There is a huge convenience factor in the flow of "open Netflix" -> "search
for movie/show by title" -> "start watching".

And, as the world has witnessed over the last few years, many individuals are
indeed willing to pay some amount of money greater than zero to achieve that
"convenience factor".

But, the balkanization of streaming content into separate, non-cooperating,
silos is causing both the cost to increase while simultaneously causing the
convenience to decrease. For the decrease in convenience, compare the flow
above to the new flow: search for title in Netfix, find it is not there,
switch to Amazon Prime Video, search, find it is not there, switch to CBS All
Access, search, find it is not there, switch to Hulu, search, find it is not
there, until one finally finds it in new service X, which itself wants an
additional $10/month on top of the $10 per month that all the prior searched
services also want.

So, less continence (can't just find it as easily anymore) and more costly
(have to pay for 5 or 7 or 10 separate services).

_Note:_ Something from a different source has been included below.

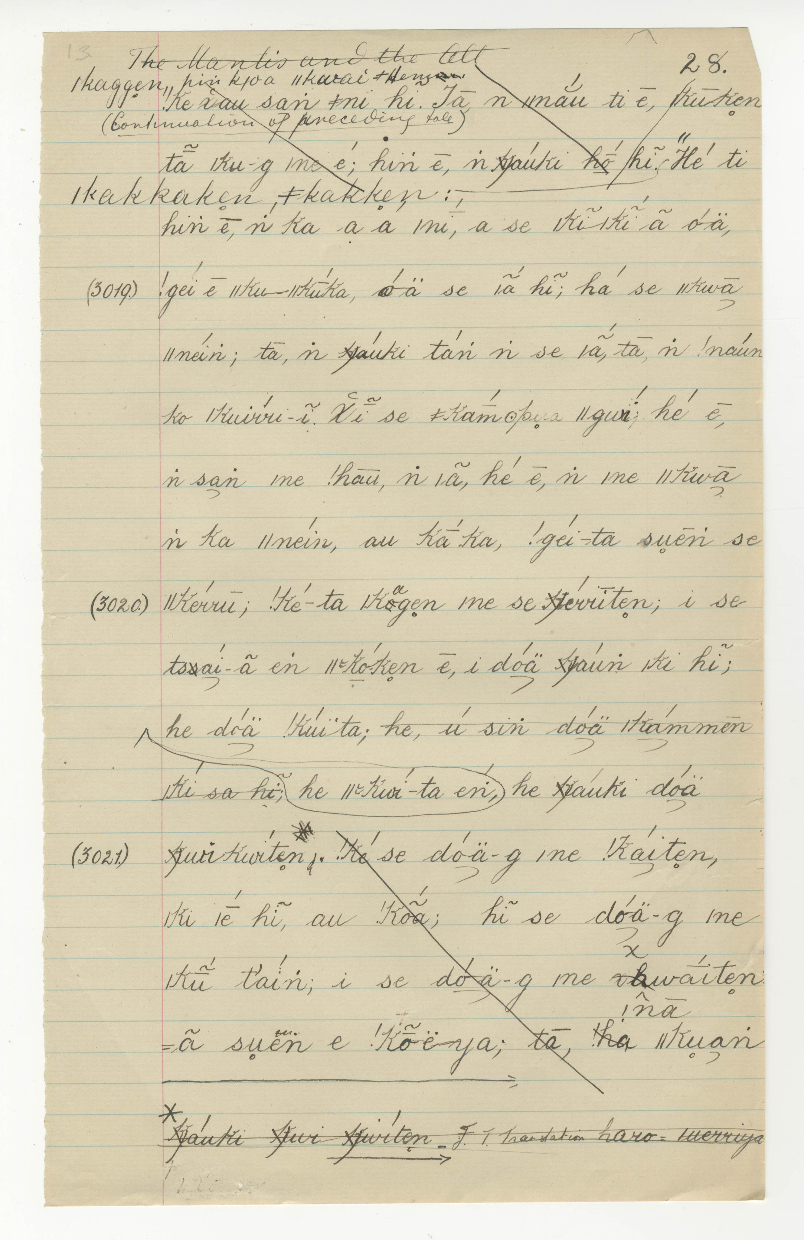 Manuscript page taken from ǁkabbo's story, The Mantis takes away the Tick's sheep (including Porcupine's speech concerning the coming of ǁkhwai-hemm) -- in Lloyd notebook 33 (dated 1873), pages (continuing from) 3019 to 3021.
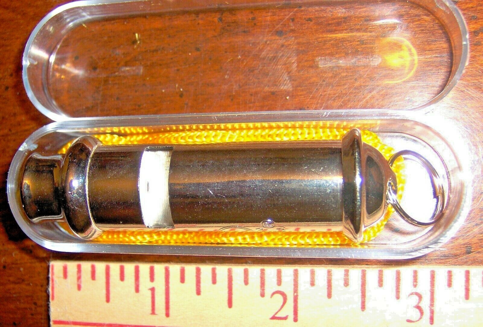 FOR SALE IS ONE (1) NEW LONDON POLICE WHISTLE WITH SILVER FINISH AND ORANGE color NYLON LANYARD BY HUTOU BRAND MPN 34584 UPC# 792363954631. GET NOTICED WITH THIS SILVER COLOR CHROME PLATE FINISH, LONDON STYLE POLICE WHISTLE WITH BRIGHT ORANGE NYLON NECK LANYARD. FEATURES STYLISH DESIGN AND DISTINCTIVE TWO TONE SHRILL. THIS LONDON POLICE WHISTLE CALLS TO MIND THE WHISTLES CARRIED BY POLICE IN GREAT BRITAIN AND THROUGHOUT EUROPE. ALSO KNOWN AS A BOBBY WHISTLE OR METROPOLITAN POLICE WHISTLE WITH A 2 1/2" length. SMALL AND COMPACT DESIGN IS GREAT FOR CAMPING, HIKING, MOUNTAIN CLIMBING, OUTDOOR SPORTS, EMERGENCY DISTRESS, SOS CALL, ETC. WITH THE TWO TONES, THE DISTINCTIVE TWO TONE SOUND IS MORE LIKELY TO TRAVEL. PACK THIS IN YOUR EMERGENCY KIT, TAKE ONE WITH YOU WHEN HIKING OR CAMPING, KEEP ONE IN THE CAR OR TRUCK FOR AN EMERGENCY. YOU WILL RECEIVE ONE (1) LONDON POLICE WHISTLE WITH ORANGE NYLON LANYARD SHIPPED BY USPS.....

What the streaming market is discovering is that there is an upper limit to
how much viewers will pay for convenience, while the streaming services are
simultaneously reducing the convenience factor (the one factor where they do
have an edge over the pirating method).

Therefore it is not surprising that pirating might take an uptick. With
pirating the user gets to go to a single search system, perform a single
search, look through and select one of several results, and wait a few minutes
for the content to download.

Pirating always had the advantage on cost, now the balkanized streaming
services are slowly handing over the convenience factor to pirating once again
as well.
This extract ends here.